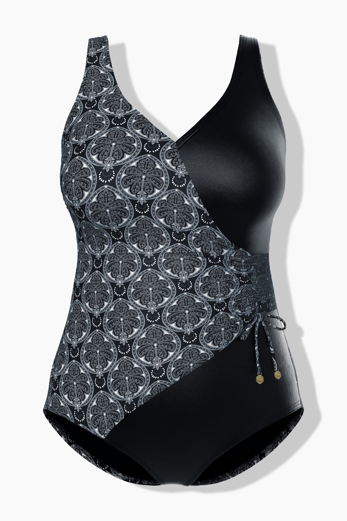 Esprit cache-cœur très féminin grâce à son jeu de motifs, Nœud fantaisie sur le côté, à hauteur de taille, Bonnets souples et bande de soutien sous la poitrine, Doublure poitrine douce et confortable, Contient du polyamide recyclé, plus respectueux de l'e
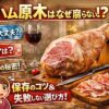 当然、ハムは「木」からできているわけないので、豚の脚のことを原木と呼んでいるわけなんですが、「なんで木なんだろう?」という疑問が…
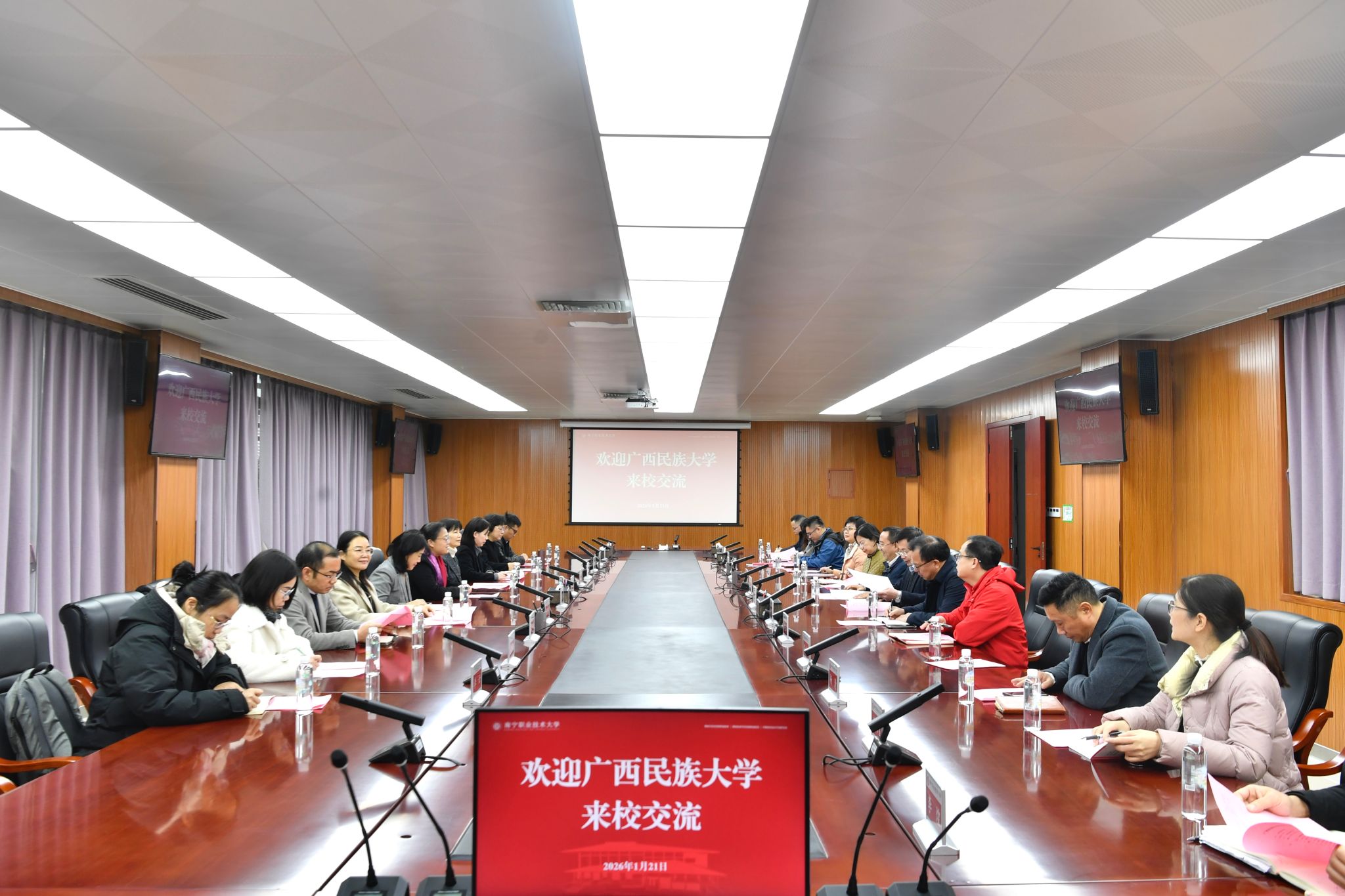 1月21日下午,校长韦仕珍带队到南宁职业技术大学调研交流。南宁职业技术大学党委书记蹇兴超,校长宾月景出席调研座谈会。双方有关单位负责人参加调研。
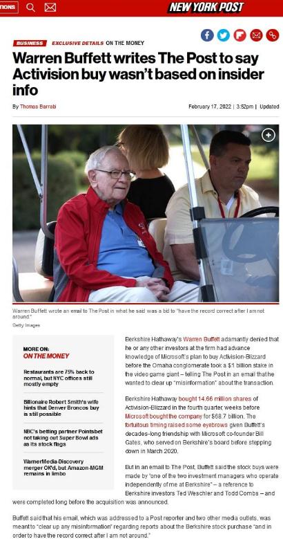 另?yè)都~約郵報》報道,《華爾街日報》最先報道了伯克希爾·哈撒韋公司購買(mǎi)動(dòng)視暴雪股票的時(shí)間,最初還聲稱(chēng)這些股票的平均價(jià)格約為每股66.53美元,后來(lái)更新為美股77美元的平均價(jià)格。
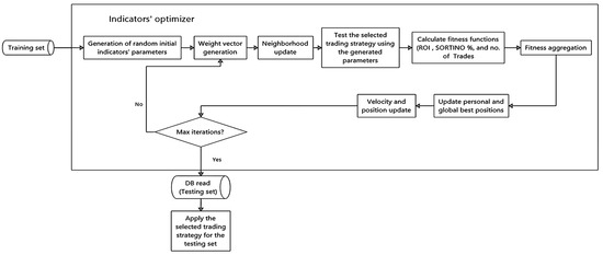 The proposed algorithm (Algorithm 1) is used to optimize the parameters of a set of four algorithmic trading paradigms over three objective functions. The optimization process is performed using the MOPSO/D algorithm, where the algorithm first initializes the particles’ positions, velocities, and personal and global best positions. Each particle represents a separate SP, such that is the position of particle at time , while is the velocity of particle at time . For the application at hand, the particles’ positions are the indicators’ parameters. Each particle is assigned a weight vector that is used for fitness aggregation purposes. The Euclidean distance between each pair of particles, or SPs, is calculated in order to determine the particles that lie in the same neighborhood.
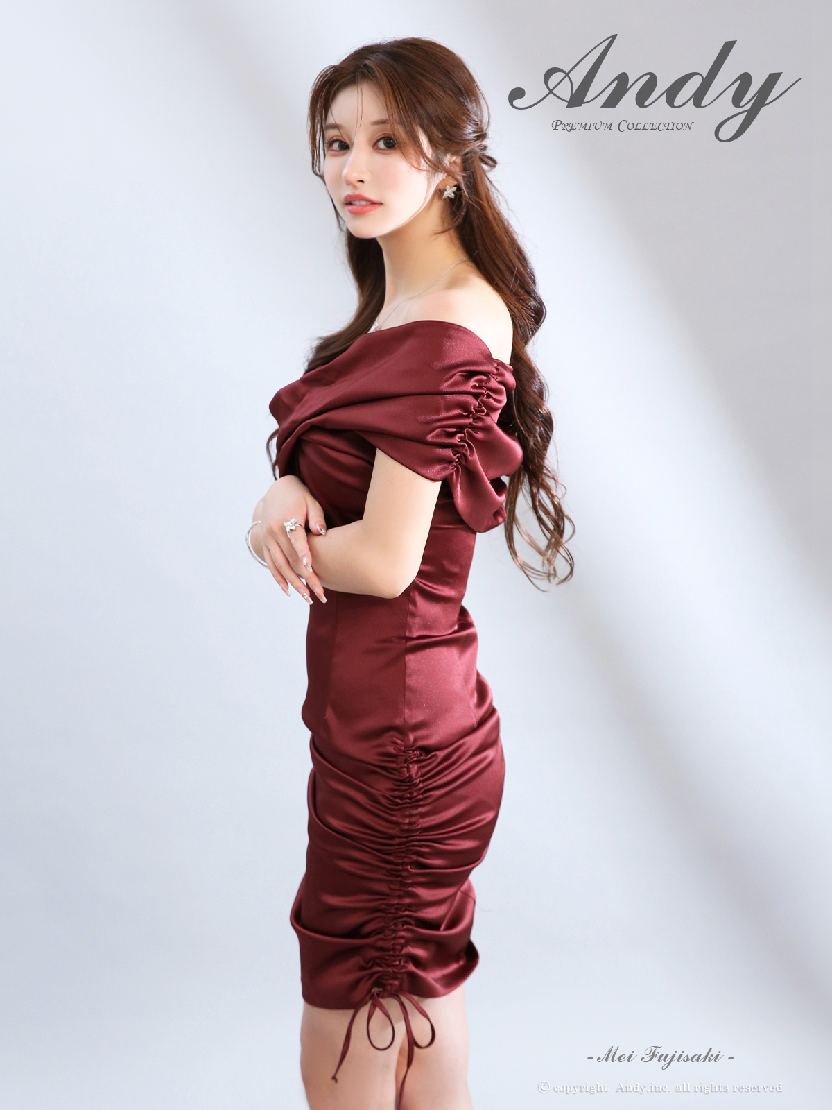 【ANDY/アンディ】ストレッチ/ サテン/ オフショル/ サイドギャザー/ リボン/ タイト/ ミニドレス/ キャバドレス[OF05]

========================

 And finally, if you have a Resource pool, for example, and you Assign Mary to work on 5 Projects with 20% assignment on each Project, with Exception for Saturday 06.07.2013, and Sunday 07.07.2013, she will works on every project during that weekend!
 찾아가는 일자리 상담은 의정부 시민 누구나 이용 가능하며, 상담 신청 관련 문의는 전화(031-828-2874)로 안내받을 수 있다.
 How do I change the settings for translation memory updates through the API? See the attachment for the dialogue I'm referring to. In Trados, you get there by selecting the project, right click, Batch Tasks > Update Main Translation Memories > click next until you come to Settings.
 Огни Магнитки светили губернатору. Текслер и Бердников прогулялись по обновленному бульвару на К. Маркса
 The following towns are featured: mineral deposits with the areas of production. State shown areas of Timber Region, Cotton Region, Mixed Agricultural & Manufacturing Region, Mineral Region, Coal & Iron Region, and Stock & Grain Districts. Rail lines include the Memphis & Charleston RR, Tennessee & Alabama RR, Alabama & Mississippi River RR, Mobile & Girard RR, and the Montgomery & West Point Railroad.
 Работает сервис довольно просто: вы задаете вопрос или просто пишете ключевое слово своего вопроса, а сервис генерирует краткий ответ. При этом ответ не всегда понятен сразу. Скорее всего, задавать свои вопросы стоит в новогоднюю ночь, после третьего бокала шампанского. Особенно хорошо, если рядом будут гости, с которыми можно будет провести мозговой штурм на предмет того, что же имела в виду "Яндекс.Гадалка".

========================

What you will do
Take the lines above starting at the one containing "The proposed algorithm" and ending at the one containing "タイト/ ミニドレス/ キャバドレス[OF05]", and print them again exactly, without pictures.

Completed task
 The proposed algorithm (Algorithm 1) is used to optimize the parameters of a set of four algorithmic trading paradigms over three objective functions. The optimization process is performed using the MOPSO/D algorithm, where the algorithm first initializes the particles’ positions, velocities, and personal and global best positions. Each particle represents a separate SP, such that is the position of particle at time , while is the velocity of particle at time . For the application at hand, the particles’ positions are the indicators’ parameters. Each particle is assigned a weight vector that is used for fitness aggregation purposes. The Euclidean distance between each pair of particles, or SPs, is calculated in order to determine the particles that lie in the same neighborhood.
 【ANDY/アンディ】ストレッチ/ サテン/ オフショル/ サイドギャザー/ リボン/ タイト/ ミニドレス/ キャバドレス[OF05]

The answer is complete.